# [Exercise objective]
The answer must reproduce the listing exactly, with every picture left out.

# [Dataset section]

----

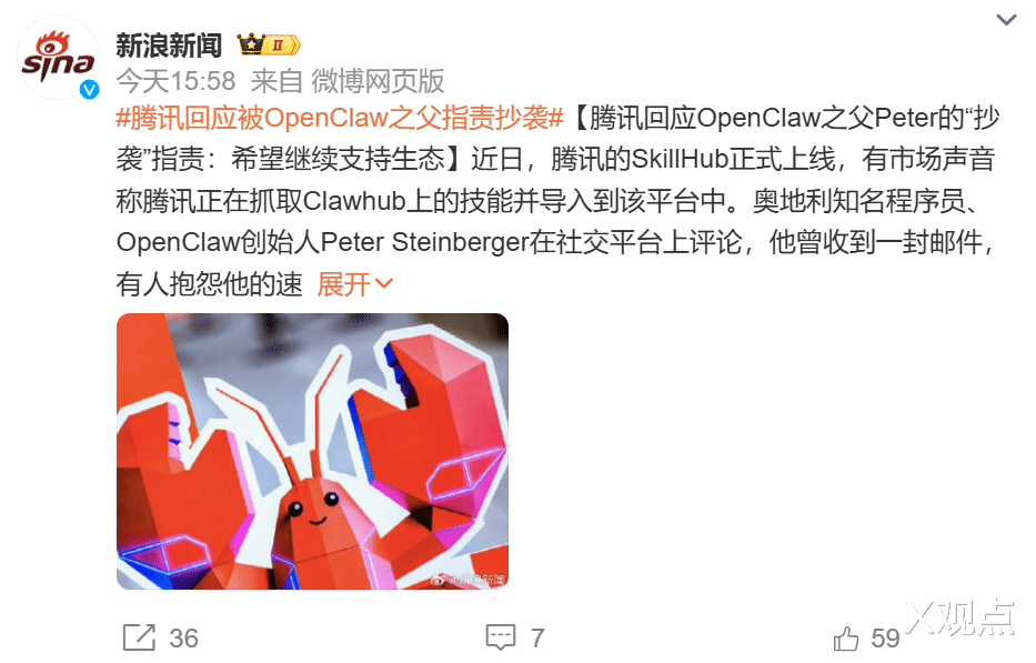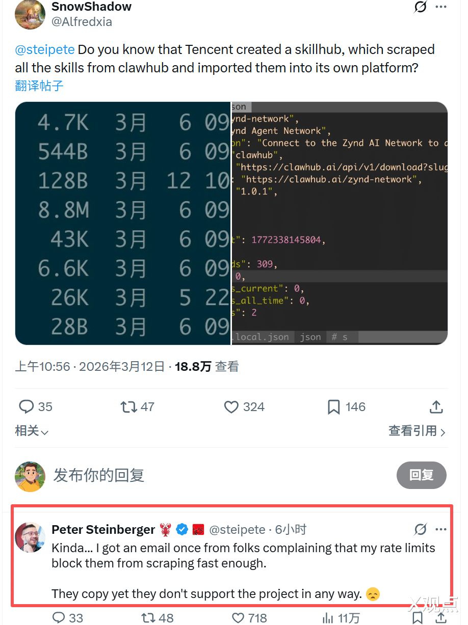 而Peter直接将矛头指向了腾讯刚刚上线的SkillHub平台。在他看来,腾讯的行为就是典型的“拿来主义”——利用开源项目的成果,却不给予任何形式的支持。
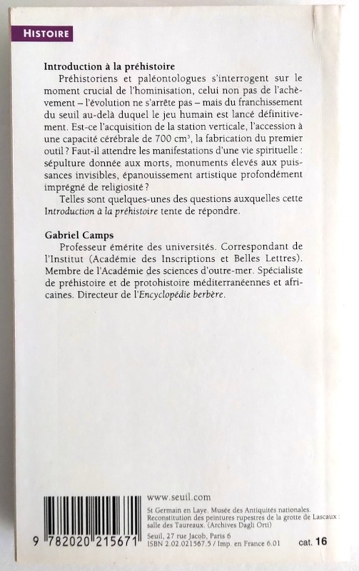 Titre : Introduction à la Préhistoire, à la recherche du paradis perdu
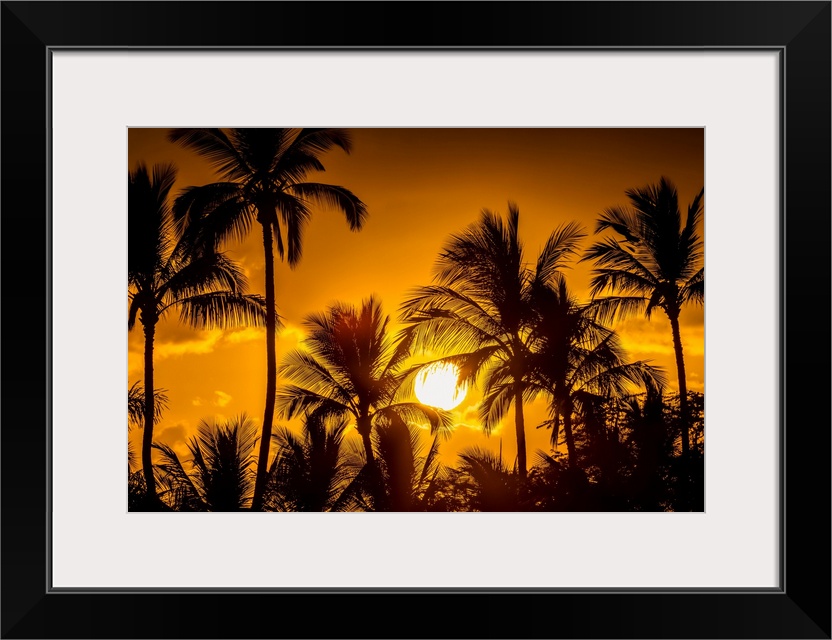 <p>The sun setting through silhouetted palm trees; Wailea, Maui, Hawaii, United States of America.</p>

----

# [Answer section]
 而Peter直接将矛头指向了腾讯刚刚上线的SkillHub平台。在他看来,腾讯的行为就是典型的“拿来主义”——利用开源项目的成果,却不给予任何形式的支持。
 Titre : Introduction à la Préhistoire, à la recherche du paradis perdu
 <p>The sun setting through silhouetted palm trees; Wailea, Maui, Hawaii, United States of America.</p>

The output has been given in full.